Hacker Newsnew | past | comments | ask | show | jobs | submitlogin
"PSD is not my favorite file format" (code.google.com)
131 points by iamelgringo on April 23, 2009 | hide | past | favorite | 33 comments


// No, PSD is an abysmal format. Having worked on this code for several weeks now, my hate for PSD has grown to a raging fire that burns with the fierce passion of a million suns.

// Trying to get data out of a PSD file is like trying to find something in the attic of your eccentric old uncle who died in a freak freshwater shark attack on his 58th birthday... I am spending a lot of time imagining amusing fates for the people responsible for this Rube Goldberg of a file format.

Woah. This guy is a natural poet. If I were the computer, my loop might have skipped an iteration.


I love detailed comments that include prose and give me a view of the mindset of the developer who's code I'm working on. It can really help you relate to the person and their code, and make the work easier.

Although it could just be that... if someone takes the time to write a humorous comment, they probably give a shit enough to not leave slop all over the file.


The key to the jokes are to be very specific in your examples. Dave Barry talked about this.


Sounds to me like the product of many years of evolution with many developers working on it, and all that at a large company. Working at a large company myself, I see how these messed up pieces of code / specifications come into being every day.


Exactly. What version of Photoshop dear HN reader was your first? Think about all the features that have been added since then and how hard it must be to maintain even a modicum of backwards compatibility.
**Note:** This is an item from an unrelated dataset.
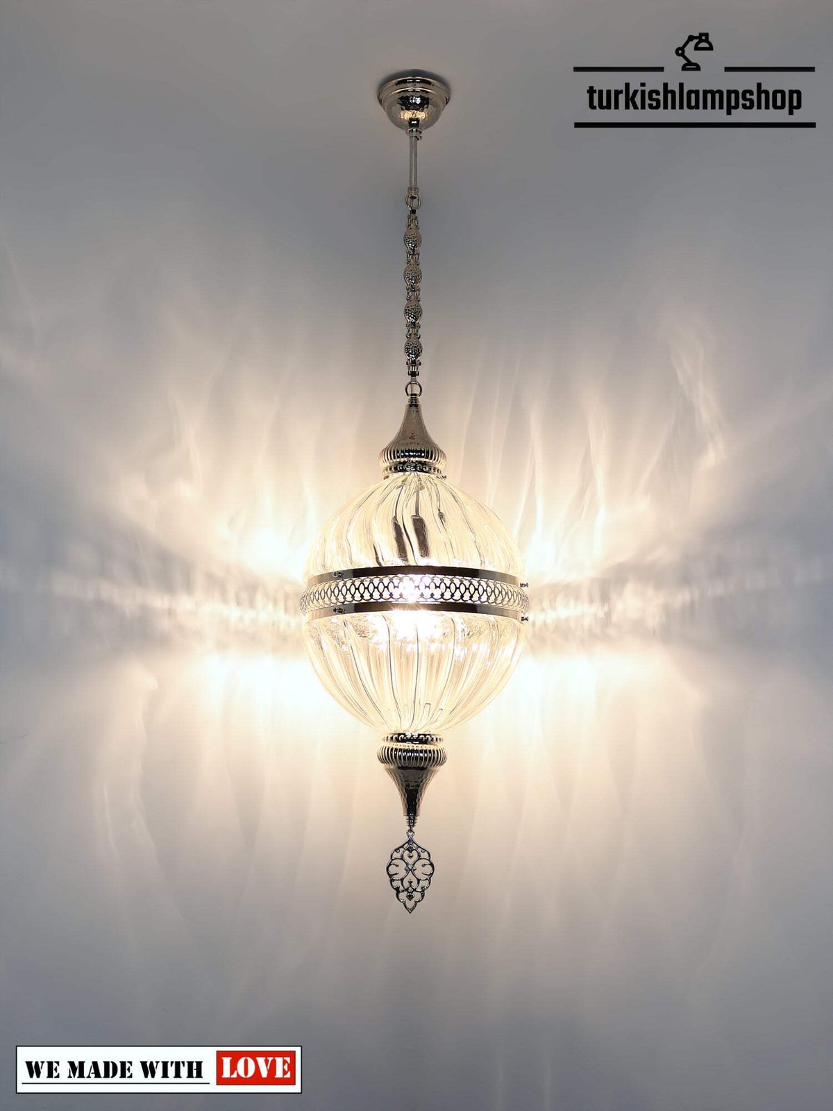 Also Turkish lantern pyrex glass pendant lamp is made by skilled artisans knowledgeable in the art of glassblowing. Similarly, each lamp is made of fire-resistant glass known for its clarity. Especially the clear color of the glass allows the light to shine through beautifully. Thus it creates an inviting atmosphere in any room.

Another thing to consider: a file format as popular as PSD probably had a great deal of interest from competitors. Sometimes file formats get obfuscated simply for the purpose of breaking the other guys' import filters.
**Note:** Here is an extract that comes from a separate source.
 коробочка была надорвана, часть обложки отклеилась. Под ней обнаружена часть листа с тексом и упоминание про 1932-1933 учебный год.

I've seen this behavior in the file format of an extremely popular application. IIRC, in one section, there were magic bytes that told you the alignment of other blocks that told you how to look up the version of the algorithms that you were supposed to use to unpack the binary data blobs that held resource data. By jiggling around the various forms of indirection, it was possible to make the file formats nigh indecipherable from version to version, while still maintaining backwards compatibility.

Naturally, the parsing code was a total nightmare.
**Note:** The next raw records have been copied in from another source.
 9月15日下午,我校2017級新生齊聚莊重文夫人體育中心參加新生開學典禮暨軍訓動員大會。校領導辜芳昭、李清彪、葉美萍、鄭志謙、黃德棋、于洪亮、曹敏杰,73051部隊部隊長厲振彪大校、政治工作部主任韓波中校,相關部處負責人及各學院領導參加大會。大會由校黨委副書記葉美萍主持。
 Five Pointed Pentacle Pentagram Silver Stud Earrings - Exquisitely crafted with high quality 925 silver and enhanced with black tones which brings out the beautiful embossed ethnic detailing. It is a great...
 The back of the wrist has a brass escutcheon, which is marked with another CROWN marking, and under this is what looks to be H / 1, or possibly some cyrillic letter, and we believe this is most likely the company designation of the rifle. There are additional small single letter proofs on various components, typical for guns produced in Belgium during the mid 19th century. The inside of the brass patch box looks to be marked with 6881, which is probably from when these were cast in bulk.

The same thing happens at smaller companies whose codebase has been around for years, too. (Now, imagine if that language had monkeypatching...)

Fixing things like that involves quite a bit of both time and suffering, particularly without good test infrastructures.


This doesn't sound unlike the Office file formats. Apache's POI project named its Office binary reader/writers HSSF and HWPF, acronyms for Horrible SpreadSheet format and Horrible Word Processing Format respectively. IIRC, they are basically serializations of the in-memory structures used by Office. This choice was made when a powerful Windows machine had less than four megs of RAM and manipulation of document data by a 33 mhz processor could take significant time. Of course, like Windows, Microsoft chose backward compatibility over forward movement -- a wise economic choice, at least in the short term.


I think we all hit points, like this, at some point in our coding where we get so frustrated with something we write a huge attack in comment form in the middle of the code. I think it's because we don't really have anyone to rant at whilst we're working.

Working in an environment where many people (often including the target of the rant) will see my code I find myself having to go through it before check-in to source control and remove many of these rants. Oh to be in a position where only I and my closest allies will see my frustrations!


I think Adobe made that on purpose to some extent.

The less other programs are able to handle a full-featured psd, the more consumers will likely buy the full version of photoshop (ok, some might be getting it through other sources, but at least most businesses would choose the real Photoshop over other programs).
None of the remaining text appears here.